§ **Description of the task**
Beginning with the line that has "(Opção 1) Risotto" and ending with the line that has "Wenn Sie mit", retype the entries below exactly, except for the pictures.

§ **Dataset entries**

== Segment start ==

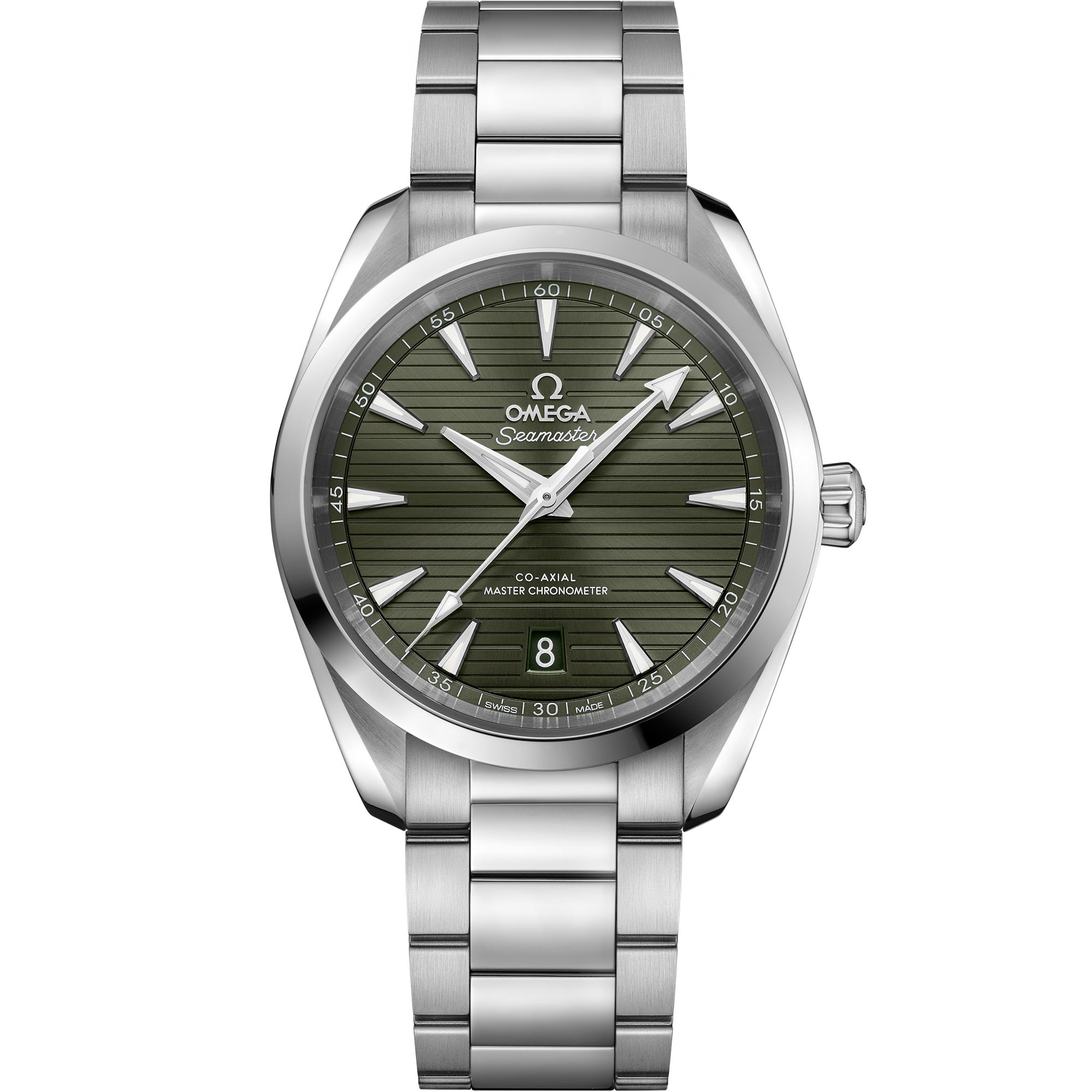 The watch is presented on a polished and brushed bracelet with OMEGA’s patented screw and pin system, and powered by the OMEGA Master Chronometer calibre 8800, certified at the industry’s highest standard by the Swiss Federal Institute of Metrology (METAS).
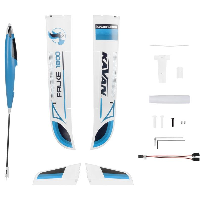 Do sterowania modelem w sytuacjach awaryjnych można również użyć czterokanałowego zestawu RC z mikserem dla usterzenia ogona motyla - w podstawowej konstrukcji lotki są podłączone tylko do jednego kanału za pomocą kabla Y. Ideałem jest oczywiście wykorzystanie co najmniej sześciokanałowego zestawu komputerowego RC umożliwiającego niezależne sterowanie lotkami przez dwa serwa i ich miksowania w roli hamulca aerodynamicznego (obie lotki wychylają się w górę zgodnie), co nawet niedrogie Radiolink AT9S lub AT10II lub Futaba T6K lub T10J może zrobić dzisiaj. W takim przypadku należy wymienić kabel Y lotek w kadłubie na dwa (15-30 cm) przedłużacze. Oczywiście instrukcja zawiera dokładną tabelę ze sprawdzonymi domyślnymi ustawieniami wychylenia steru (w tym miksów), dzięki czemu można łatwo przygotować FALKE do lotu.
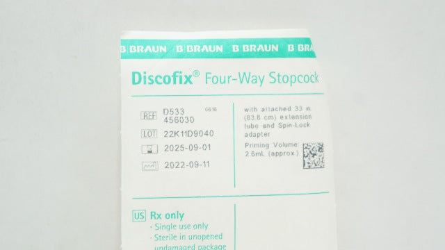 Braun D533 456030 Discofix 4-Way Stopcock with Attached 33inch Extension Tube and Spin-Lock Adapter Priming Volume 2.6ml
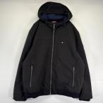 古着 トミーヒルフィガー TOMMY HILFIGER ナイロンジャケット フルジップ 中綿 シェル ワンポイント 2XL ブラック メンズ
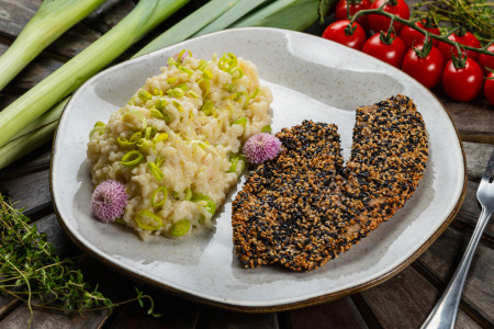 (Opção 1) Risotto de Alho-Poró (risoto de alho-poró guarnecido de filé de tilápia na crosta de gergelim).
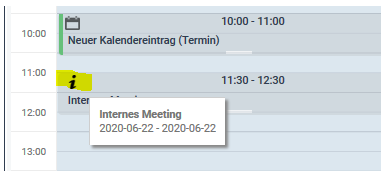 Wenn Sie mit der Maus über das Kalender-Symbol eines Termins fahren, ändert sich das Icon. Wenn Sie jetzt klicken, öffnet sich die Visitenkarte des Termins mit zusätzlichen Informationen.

== Segment end ==
== Segment start ==

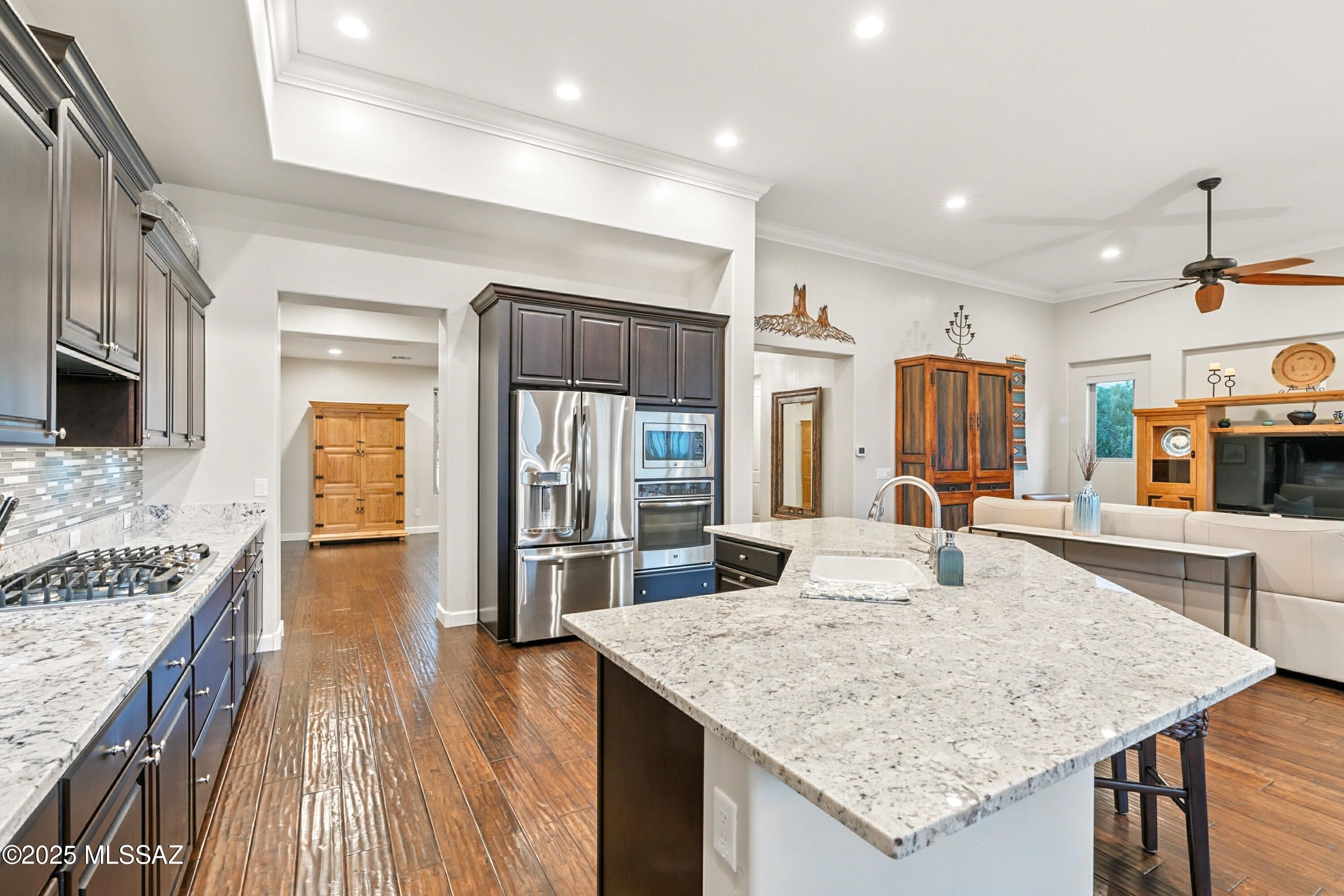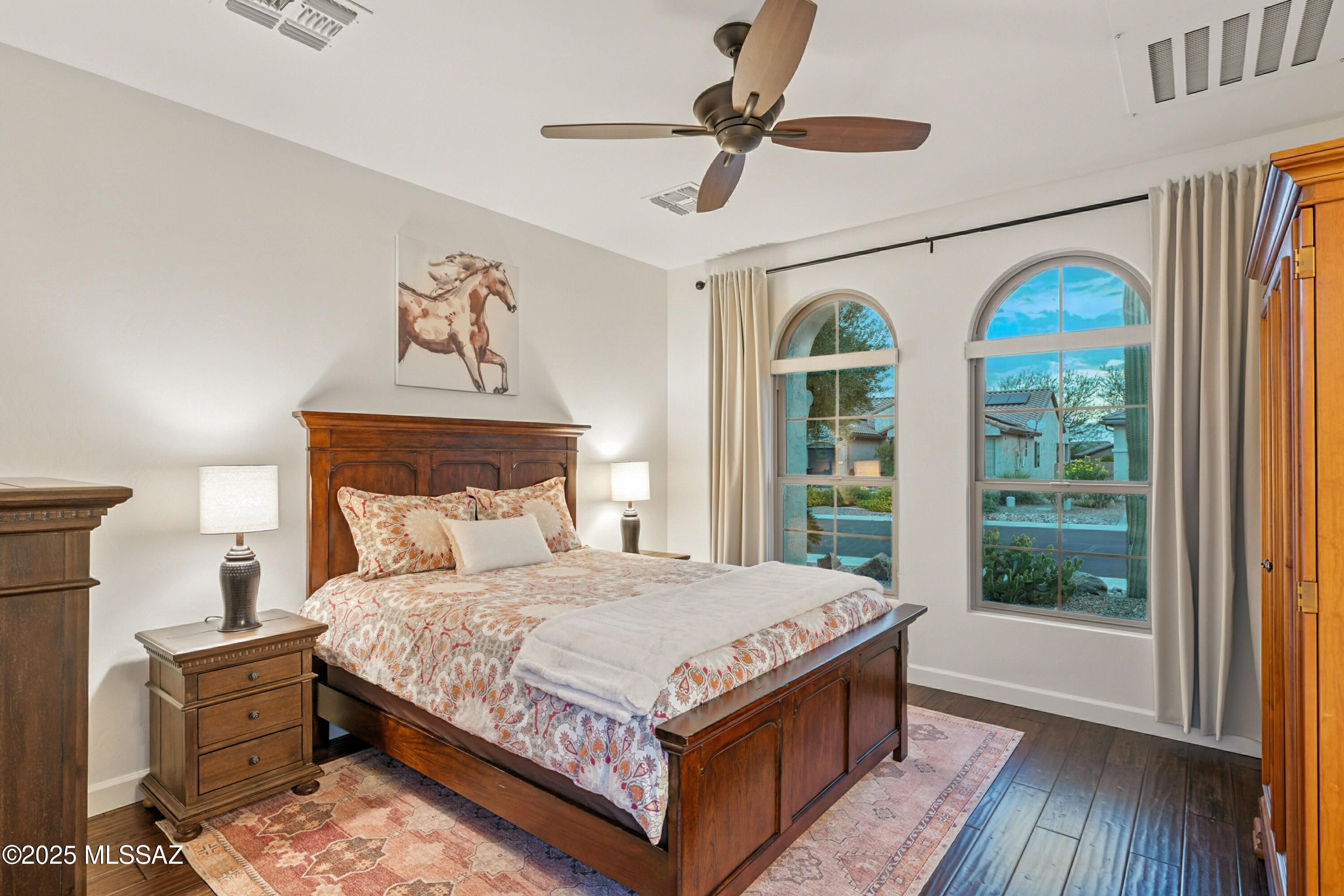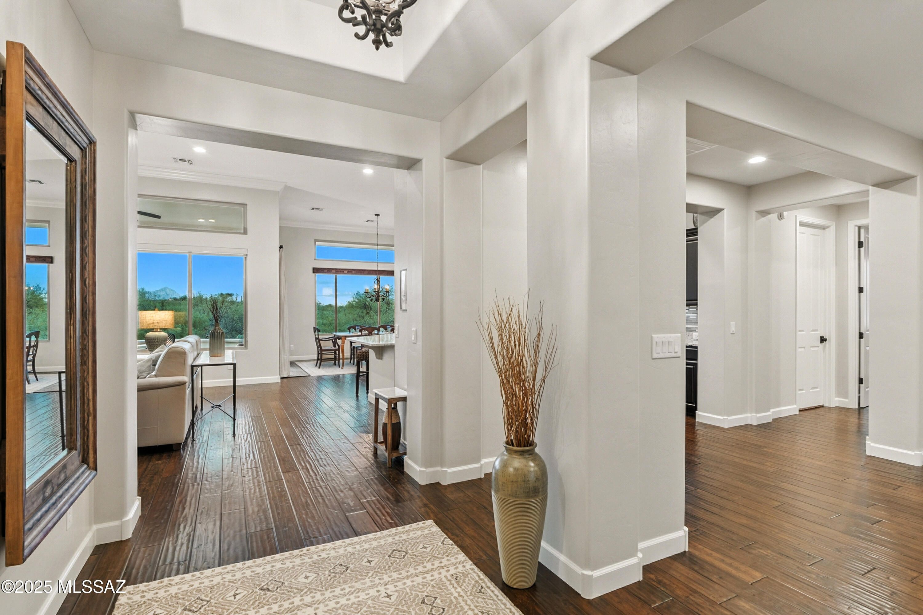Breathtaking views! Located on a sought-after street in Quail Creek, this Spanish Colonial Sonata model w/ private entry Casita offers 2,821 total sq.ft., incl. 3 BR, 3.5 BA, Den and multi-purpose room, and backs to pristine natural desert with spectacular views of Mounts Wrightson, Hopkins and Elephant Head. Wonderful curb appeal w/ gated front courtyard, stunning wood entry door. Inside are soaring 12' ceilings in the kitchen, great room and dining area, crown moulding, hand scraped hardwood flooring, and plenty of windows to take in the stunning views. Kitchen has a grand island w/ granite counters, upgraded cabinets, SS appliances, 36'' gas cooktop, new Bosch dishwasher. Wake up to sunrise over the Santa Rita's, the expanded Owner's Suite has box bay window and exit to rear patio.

== Segment end ==

§ **Answer to this task**
 (Opção 1) Risotto de Alho-Poró (risoto de alho-poró guarnecido de filé de tilápia na crosta de gergelim).
 Wenn Sie mit der Maus über das Kalender-Symbol eines Termins fahren, ändert sich das Icon. Wenn Sie jetzt klicken, öffnet sich die Visitenkarte des Termins mit zusätzlichen Informationen.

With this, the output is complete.